ABOUT THIS EXERCISE → Leaving out all pictures, transcribe the lines below exactly, from the first through the line containing "First heating curves".

DATA EXTRACT →
::::::::

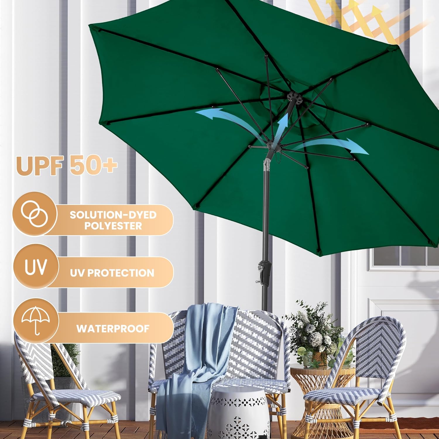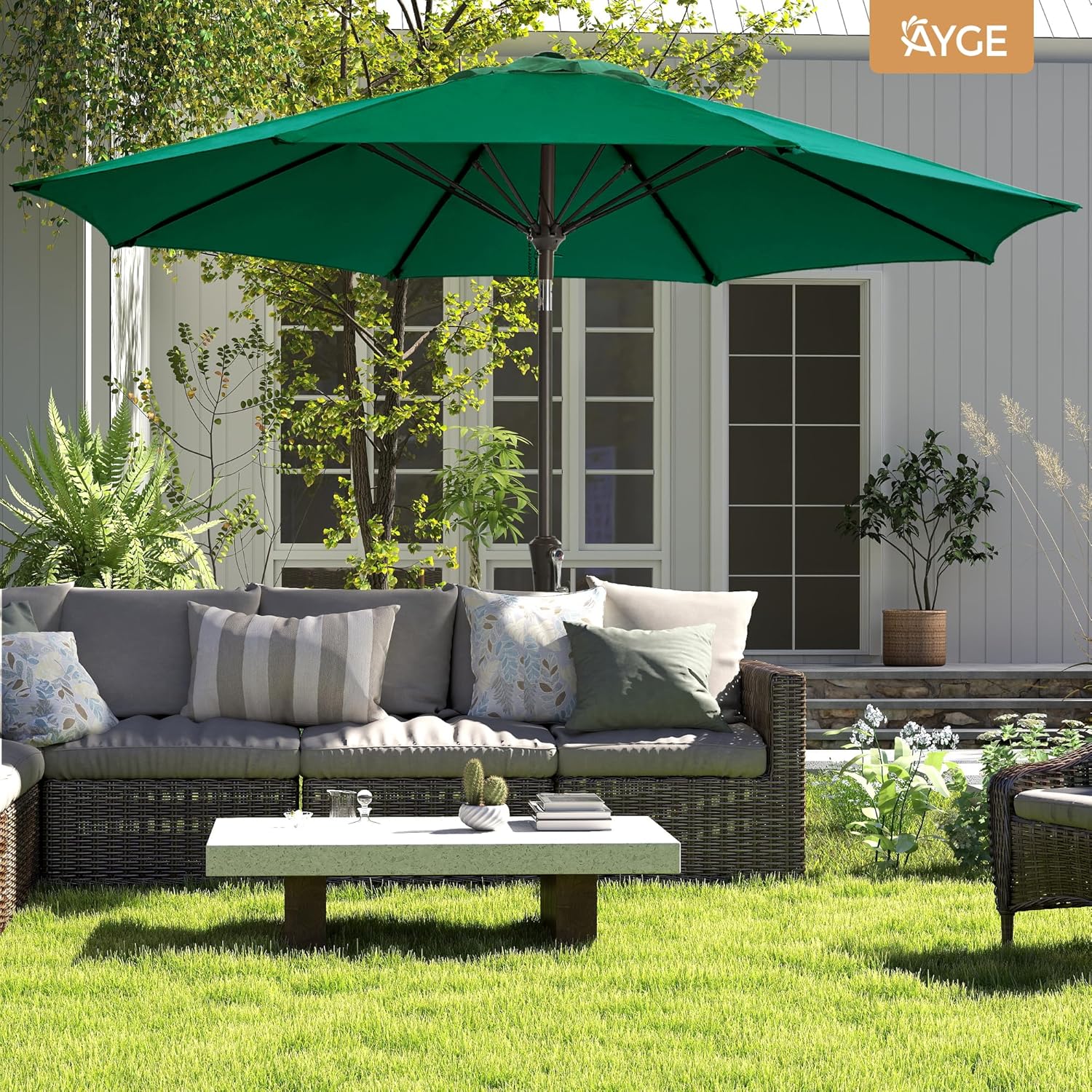 8 reviews for Ayge 9FT Large Outdoor Patio Umbrella Market Table Umbrella-UV Resistant, Easy Push Button Tilt and Crank, 8 Sturdy Fiberglass Ribs Heavy-Duty Pool Umbrella for Deck, Backyard,Garden
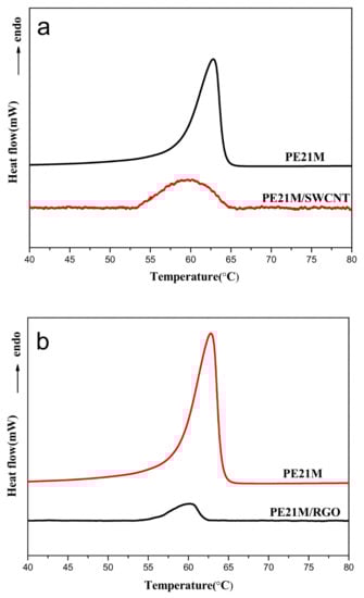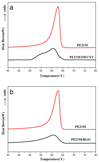 First heating curves of PE21M and PE21M/nanofiller composites in DSC measurement at a constant heating rate of 10 °C/min. (a) PE21M/SWCNT nanocomposites, and (b) PE21M/RGO nanocomposites.
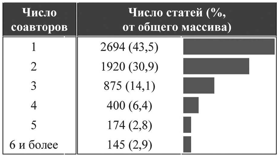 Не имели цитирований 41,3 % статей общего массива, процитированы хотя бы 1 раз – 58,7 %, из них 1 цитирование имели 17,1 % статей, 2 цитирования – 10,1 %, 3 цитирования – 4,8 %, 4 цитирования – 4,8 %, 40 цитирований и более – 0,7 % статей, которые определили индекс Хирша в общем массиве. В общей сложности массив статей подготовили и представили к опубликованию 9432 автора, число соавторств в статьях – 12 661. На рис. 7 изображен частотный анализ соавторств в статьях. Оказалось, что единолично авторы издали 43,5 % статей, с одним соавтором – 30,9 %, с двумя соавторами – 14,1 %. По 2 статьи опубликовали коллективы из 15 и 17 соавторов.

::::::::

EXERCISE OUTPUT →
 8 reviews for Ayge 9FT Large Outdoor Patio Umbrella Market Table Umbrella-UV Resistant, Easy Push Button Tilt and Crank, 8 Sturdy Fiberglass Ribs Heavy-Duty Pool Umbrella for Deck, Backyard,Garden
 First heating curves of PE21M and PE21M/nanofiller composites in DSC measurement at a constant heating rate of 10 °C/min. (a) PE21M/SWCNT nanocomposites, and (b) PE21M/RGO nanocomposites.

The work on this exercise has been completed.